How to configure server-side privacy with Experience Analytics

You can use Experience Analytics to mask sensitive information to protect the privacy of users who interact with your website or mobile applications.

The information that follows explains how to mask sensitive information on the server-side of your Experience Analytics solution. Server-side privacy is one part of a privacy solution. See the Watson™ Customer Engagement | For Developers documentation for more information about privacy masking of sensitive user input on the client-side.

In Experience Analytics, the Hit attribute can block and replace sensitive information. For privacy masking to work, the Event for which the Hit Attribute is a condition, must fire.

What defines a Hit attribute?

Hit attributes are defined by the following characteristics:
  • The start and / or end patterns of strings
  • A regular expression that is applied to found text.

    The regular expression (regex) can enhance hit attribute filtering (match/privacy blocking/replacement) when start and end patterns do not isolate the target text completely.

  • A specific string constant, like “SSN”
    Note: A hit attribute can match either a start / end pattern, OR a specific string, but not both. You can apply a regular expression on either.

How to mask sensitive data with IBM® Tealeaf® on Cloud Hit attributes

Ideally, you never want sensitive data to be sent to Experience Analytics. In most cases, you can block sensitive data through client-side privacy configuration.

Server-side privacy (implemented with Hit attributes) is the mechanism for blocking /replacing content that was not blocked at the client side. The UIC on the client-side handles tagged content well, but can struggle with searching large chunks of text for complex patterns. Server-side privacy serves as a "catch-all" for sensitive information that might not be stopped by client-side privacy rules and configuration.

Let’s say the following error message was captured that includes a user’s social security number.

<form name="webform" action="form_submit method="get">
    First Name: <input type="text" name="fname">
    Last Name: <input type="text" name="lname" value="">
      <font color="red">THIS IS A REQUIRED FIELD</font>
    SSN: <input type="text" name=ssn value="012-34-567">
    <input type="button" value="send_form">
</form>

To mask the social security number on the Experience Analytics server side, you need to create and configure a Hit attribute.

The following example explains how to create and configure the Hit attribute to mask the SSN.
  1. Log on to Experience Analytics.

  2. Select Event Manager.

  3. Select New > Hit Attribute.

  4. Set the fields for the Hit attribute.
    For example, set the following fields:
    Hit attribute name
    Enter a descriptive name for the Hit attribute.
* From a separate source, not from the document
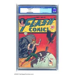 Flash Comics #33 (DC, 1942) CGC VF 8.0 Off-white pages. Hawkman gets a hand bombing the Japanese from one of his hawk friends on this classic cover by Sheldon Moldoff. This issue is also a minor key, as it is the origin of Shade. High-grade copies of major Golden Age titles will always be in high demand. This beautiful copy has no major flaws to detract from its overall appeal. Overstreet 2002 VF 8.0 value = $713. Important notice: We expect to be auctioning lots at the rate of 200-250 per hour. Sometimes eBay Premier live bid software cannot keep up with that pace, so we strongly recommend that you place a realistic proxy bid now as insurance to avoid disappointment. Also please note that all Heritage/CAA lots purchased through eBay Premier carry a 20% Buyer's Premium. Please make sure you read the Terms and Conditions.
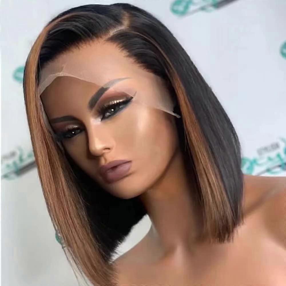 12 Inch Highlight Lace Front Wig Brazilian Human Hair Bob Pre Plucked HD Transparent 150% Density

For example, Mask SSN.
    Match
    Set Match to Response.
    Use
    Set Use to Start/End expression.
    Start tag
    For this example, you would enter the following value for the Start tag
    <input type="text" name=ssn value="
    End tag
    For this example, you would enter the following value for the End tag
    
    ">
    Block / Replace
    Select the check box for Block / Replace
    Block replacement
    For the Block replacement, you might enter the following text.
    XXX_SSN_XXX

    The expressions that you add to the Start tag and End tag is the text that encloses the SSN that is captured from the HTML in a DOM snapshot.


  5. Click Save to save the Hit attribute.
Consider the following items when masking sensitive data.
  • The code for a web form can vary as follows.
    Figure 1. Web form variations
    
    SSN: <input type=”text” name=”ssn” value=”012-34-5678″ required>
    SSN: <input type “text” name=”ssn” required value=”012-34-5678″>
    SSN: <input type “text” name=”ssn” disabled value=”012-34-5678″>
    
    Note: For any of these variations, the Start/End patterns would differ from the configuration settings that are specified in step 4.
    You need to use a regular expression value to mask only the content of the value attribute.
    
    value="(.*?)"
    Where everything inside of the parenthesis is masked with the value of the “Block replacement” field.
    Note: The final double quotation mark can be in the regex only as a character that is looked for if the End pattern does not include the double quotation mark, for example, >.

Adding the privacy Hit attribute as an Event condition

After you configure and save the privacy Hit attribute to block and replace sensitive information, it is applied to incoming data automatically.

If you configure the privacy Hit attribute correctly, elements of sensitive information in the DOM snapshots that are captured by the configuration are sent to Experience Analytics UI as masked data, in the fashion that is specified when the DOM captures are viewed in Replay.

The privacy Hit attribute configuration described here that matches against the "Response" works equally well against DOM capture data, whether it be full DOM captures or DOM diffs.